I was hoping for a more positive payoff for my efforts this time around, although we did get a pretty good kid out of the other deal.
For eight weeks, my wife and I took dancing lessons. I must say I held my own on the dance floor. I was able to do all the moves and do them in the right sequence without causing untold embarrassment to myself or the ones who love me. But I didn't learn how to dance.
The reality is, those eight weeks of lessons would have been enough; I could have learned how to dance if I then regularly went dancing. But going clubbing just isn’t a top priority for my wife and me. So any dance moves we may have picked up during those eight weeks were completely gone in two.

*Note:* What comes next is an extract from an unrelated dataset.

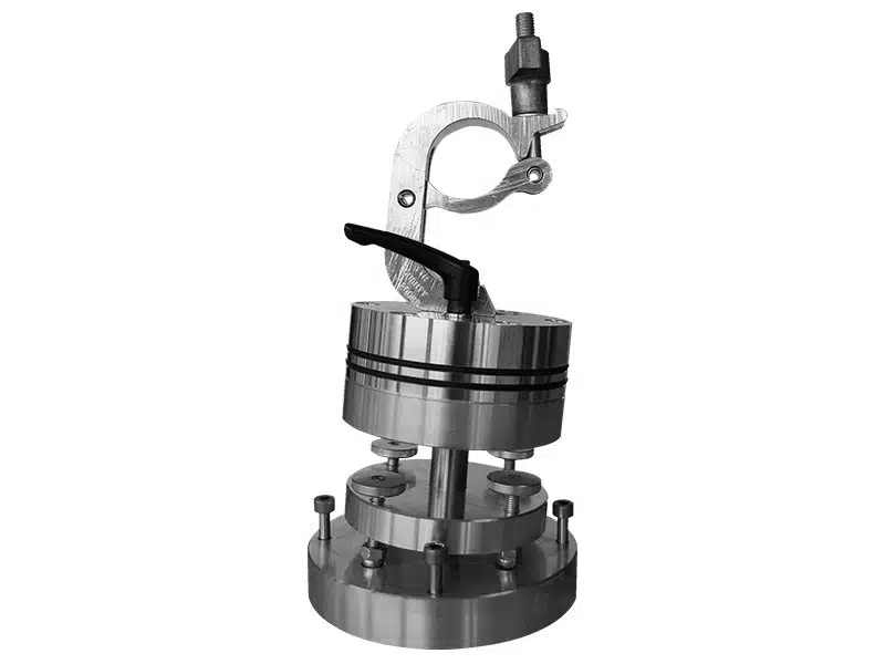 Mit der Projektorhalterung TH-Short-150-8 können Sie Beamer und Projektoren hängend an Traversen befestigen. Dieses Modell, Shorty-150-8, ist unter anderem für die Panasonic Projektoren DZ21K, DZ21K2 und RZ21K kompatibel. Mit einer maximalen Traglast von 150 kg können an Ihr Flugrahmen und Beamer problemlos befestigt werden. Zur Montage des Beamers wird dieser im passenden Flugrahmen befestigt. Mit 4 Sicherungs-Schrauben fixieren Sie nun die Traversenhalterung mittig auf der Rückseite des Flugrahmens. Die C-Schelle wird mit der soeben befestigten Kombination aus Beamer und Flugrahmen an die Traverse gehangen und sicher verschlossen. An der Traversen-Halterung für Beamer und Projektoren befindet sich ein Hebel, lösen Sie diesen ist die Vorrichtung im Winkel von 360° rotierbar. Schließen Sie den Hebel wieder, fixieren Sie die gewünschte Position. Ähnlich verfahren Sie mit den 4 praktischen Stellschrauben der TH-Short-150-8. Mit diesen Schrauben kann die Neigung nachträglich angepasst und sicher festgestellt werden. Die Projektorhalterung ist nach DGUV V17 (BGV-C1) geprüft und abgenommen und die C-Schelle nach TüV-Norm bestätigt.

Like any other skill, learning how to dance takes discipline. We must not just receive instruction but put it into practice if we're going to be excel at it.
That holds true for the fine art of loving others as well.
If there is one thing our Heavenly Father wants His kids to excel at it's loving others. When asked by religious leaders what the greatest commandment was, Jesus, without hesitation, singled out loving as the most important thing Christians can do. And yet Christ-like love is often conspicuously absent in our interaction with others.
Face it, if we’ve grown up in the church, we’ve received all kinds of instruction as to how we are to love God and others. We know all there is to know about the Bible's teachings on the subject. We may even have some of the love passages memorized.
But if we don't practice loving others and practice it faithfully, all that instruction means nothing.
In 1st Corinthians 13--commonly known as the love chapter--the Apostle Paul says it bluntly. It doesn't matter how eloquently we can speak the Gospel. It doesn't matter how deep our knowledge, our understanding, or even our faith. It doesn't matter how much money we give to the less fortunate. If we don't have love, we are nothing.
Our Heavenly Father loves us with a love that will not give in, give up, or give out. Every day, we need to practice loving others that same way. Look for someone today to whom you can show genuine Christ-like love. Then look for someone else tomorrow. Then the next day. Who knows? You might get really good at it.